▸ Description of the task: Please copy every record below exactly, but leave the pictures out.

▸ Source data:
☆ ☆ ☆

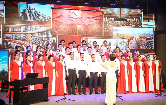 中国共产党指引我们走上胜利的道路,给予我们幸福的生活。合唱《唱支山歌给党听》《团结就是力量》,向党献上最诚挚的祝福,表达了蓝生脑科人同心向党、团结奋进的心声。
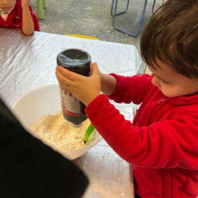 illing up cups and containersduring water play.Role Play: In the mud kitchen, we followed simple recipes to create our own mud cakes, using natural ingridients.
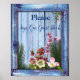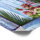 Design artistique en bois vintage bleu texturé avec décor de fleurs graphiques rose pour un invité ou un chalet de plage pour tenir un mariage. Cette collection est accompagnée d'un livre d'or pour les clients mariages ou les visiteurs de vacances à signer
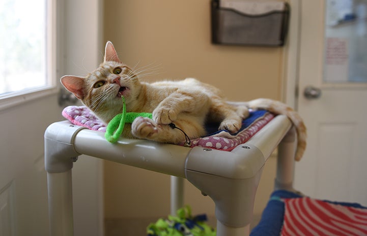 Once she was well enough, Odette was transferred to Cat World, where she could enjoy lots more space and comfort. Although her health is still being monitored closely by Best Friends caregivers and vets, she’s feeling much better these days. During all the months of medical care and recovery, Odette kept up her happy, outgoing attitude. Now, she’s finally releasing all her pent-up kitten energy ― dashing after feather toys and leaping up on cat trees.
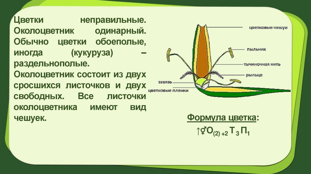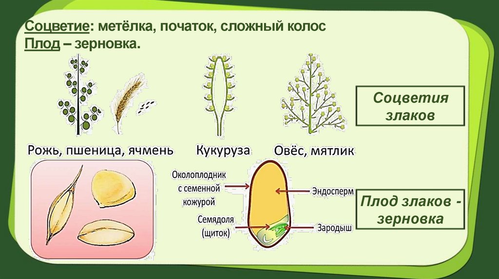 Соцветие: метёлка, початок, сложный колосПлод – зерновка.
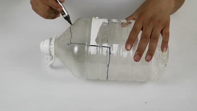 ? ? 那么今天分類垃圾桶網就用一個垃圾桶小發明,輕松解決你廚房里所有的難題,首先今天用到的道具非常簡單,只需要我們吃油剩下的油桶就可以,我們在油桶上先標記一下
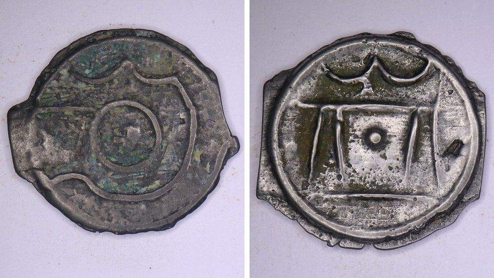 Монети, відомі як потини, зроблені зі сплаву міді, олова та свинцю. Кожна має діаметр в середньому 3 сантиметри і створені за зразком монет, відбитих у французькому Марселі приблизно 2175 років тому.
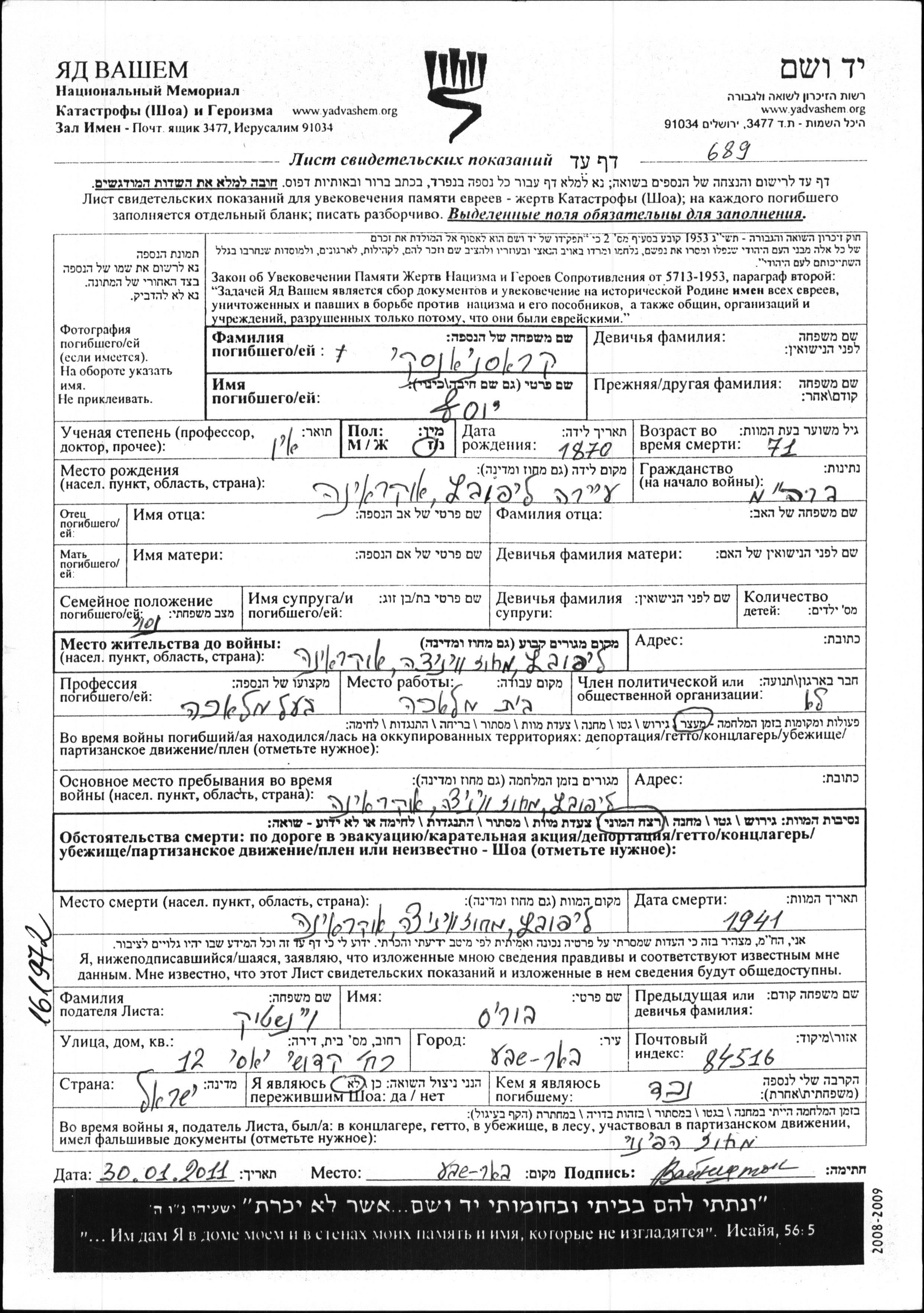 Yosef wurde in der Schoah ermordet. Todesort: Lipovets, Ukraine (UdSSR) im Jahr 1941.
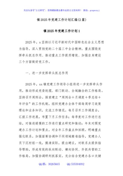 (2篇)镇2025年党建工作计划汇编
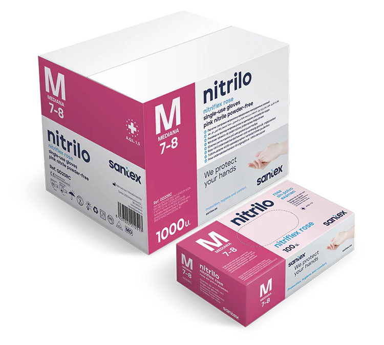 Guantes de nitrilo sin polvo, paquete de 100 unidades.

☆ ☆ ☆

▸ Written solution:
 中国共产党指引我们走上胜利的道路,给予我们幸福的生活。合唱《唱支山歌给党听》《团结就是力量》,向党献上最诚挚的祝福,表达了蓝生脑科人同心向党、团结奋进的心声。
 illing up cups and containersduring water play.Role Play: In the mud kitchen, we followed simple recipes to create our own mud cakes, using natural ingridients.
 Design artistique en bois vintage bleu texturé avec décor de fleurs graphiques rose pour un invité ou un chalet de plage pour tenir un mariage. Cette collection est accompagnée d'un livre d'or pour les clients mariages ou les visiteurs de vacances à signer
 Once she was well enough, Odette was transferred to Cat World, where she could enjoy lots more space and comfort. Although her health is still being monitored closely by Best Friends caregivers and vets, she’s feeling much better these days. During all the months of medical care and recovery, Odette kept up her happy, outgoing attitude. Now, she’s finally releasing all her pent-up kitten energy ― dashing after feather toys and leaping up on cat trees.
 Соцветие: метёлка, початок, сложный колосПлод – зерновка.
 ? ? 那么今天分類垃圾桶網就用一個垃圾桶小發明,輕松解決你廚房里所有的難題,首先今天用到的道具非常簡單,只需要我們吃油剩下的油桶就可以,我們在油桶上先標記一下
 Монети, відомі як потини, зроблені зі сплаву міді, олова та свинцю. Кожна має діаметр в середньому 3 сантиметри і створені за зразком монет, відбитих у французькому Марселі приблизно 2175 років тому.
 Yosef wurde in der Schoah ermordet. Todesort: Lipovets, Ukraine (UdSSR) im Jahr 1941.
 (2篇)镇2025年党建工作计划汇编
 Guantes de nitrilo sin polvo, paquete de 100 unidades.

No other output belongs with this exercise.